Last year, we added point cloud data to QGIS, thanks to the great support from the community. Based on numerous feedback and suggestions we had over the past year, we have decided to run another campaign to introduce some new tools and enhance user experience when dealing with elevation and point cloud data. Below is a list of those features we intend to introduce. For more details see the crowdfunding page.

Profile tool

A tool for drawing profiles of elevations is essential when working with 3D data, yet it has long been missing from QGIS. While there are several plugins for QGIS that add this missing functionality, unfortunately they all have limitations when it comes to ease of use, performance, integration with the rest of the user interface and wealth of functionality. The goal is to add a profile tool that would cover a wide variety of use cases, and be available immediately out-of-the-box for all QGIS users.

Enhanced 2D visualisation of point cloud

A technique that is extremely useful for visualization of point clouds in the 3D map view is the Eye Dome Lighting effect, which adds subtle shading and silhouettes (when there is a greater change of elevation) making it much easier to identify various features of interest that could be otherwise hard to see. To date this feature is only available in 3D QGIS map views, but we would like to introduce it to 2D map view as well! Many GIS workflows and products are still entirely based around 2D views of data (such as digitizing of vector data), so having the extra visual clues which Eye Dome adds is also highly desirable in 2D views.

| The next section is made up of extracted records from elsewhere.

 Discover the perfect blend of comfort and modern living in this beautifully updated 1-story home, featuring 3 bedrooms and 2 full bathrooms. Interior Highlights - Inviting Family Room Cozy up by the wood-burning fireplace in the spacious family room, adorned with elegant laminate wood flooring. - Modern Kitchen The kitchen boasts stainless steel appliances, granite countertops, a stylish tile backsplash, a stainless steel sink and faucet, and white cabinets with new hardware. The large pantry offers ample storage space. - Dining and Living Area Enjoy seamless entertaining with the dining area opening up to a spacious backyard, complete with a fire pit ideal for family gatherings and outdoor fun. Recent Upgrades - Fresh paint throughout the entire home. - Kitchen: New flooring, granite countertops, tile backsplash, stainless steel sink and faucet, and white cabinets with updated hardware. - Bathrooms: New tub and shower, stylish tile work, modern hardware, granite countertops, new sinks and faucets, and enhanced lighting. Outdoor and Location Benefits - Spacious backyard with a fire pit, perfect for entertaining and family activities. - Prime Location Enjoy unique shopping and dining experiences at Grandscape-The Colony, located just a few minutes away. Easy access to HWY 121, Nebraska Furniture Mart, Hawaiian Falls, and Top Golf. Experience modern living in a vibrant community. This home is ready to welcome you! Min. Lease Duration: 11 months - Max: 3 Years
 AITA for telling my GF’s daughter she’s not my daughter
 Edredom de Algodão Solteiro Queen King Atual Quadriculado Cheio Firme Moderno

Filtering point clouds for visualisation

A common requirement of analysts when working with point clouds to work with just a subset of the dataset. This could be as simple as showing only one class of a classified dataset, using only a limited range of elevations, viewing just a particular flight line, or looking at just the first/last returns. Currently, QGIS only provides basic class-based filtering when using rendering based on classification.

Improve 3D map views

One of the limitations is the 3D map view’s window: when it gets closed the configuration of the 3D map view is discarded and any newly opened 3D map view needs to be re-configured again. This is frustrating for users and results in a lot of wasted time! We would like to fix this by keeping 3D views stored in QGIS projects, even when they are not currently being shown. Another issue related to 3D map views is the fact that they are currently only “dock widgets” that can be embedded within the main window. However, often it is preferable to be able to see the 3D view content in a big window, which is quite tricky to do in current QGIS versions (especially when the user does not have multiple displays).

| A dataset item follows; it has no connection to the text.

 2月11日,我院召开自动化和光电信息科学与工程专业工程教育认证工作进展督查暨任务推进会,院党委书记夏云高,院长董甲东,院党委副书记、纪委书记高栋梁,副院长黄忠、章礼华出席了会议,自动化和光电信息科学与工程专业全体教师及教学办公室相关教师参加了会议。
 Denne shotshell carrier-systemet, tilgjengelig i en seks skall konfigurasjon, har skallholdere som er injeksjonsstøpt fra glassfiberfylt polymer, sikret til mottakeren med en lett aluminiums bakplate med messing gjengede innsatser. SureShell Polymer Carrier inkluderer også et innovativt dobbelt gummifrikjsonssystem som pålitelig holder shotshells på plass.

Cloud-optimized point clouds

The new specification of cloud-optimized point clouds (COPC) is current being finalized (October 2021) and it is a very exciting innovation! Inspired by the hugely successful cloud-optimized GeoTIFF (COG) format, the idea is to reuse the existing LAZ format (widely used by the lidar community) and add the improvements which make the format more useful.

More point cloud data formats & more robust loading

While LAS and LAZ files (currently supported by QGIS) are the most common formats for point clouds nowadays, they are not the only ones. In order to support more formats in QGIS we do not need to worry about technical details of each format thanks to the PDAL library. It comes with a multitude of drivers for various formats and services - see https://pdal.io/stages/readers.html . In QGIS we need to provide a user interface to allow people to get other additional formats to work. Some drivers are always available in PDAL, others are optional and may need extra third-party libraries in order to work. We welcome feedback from the community regarding drivers they consider important.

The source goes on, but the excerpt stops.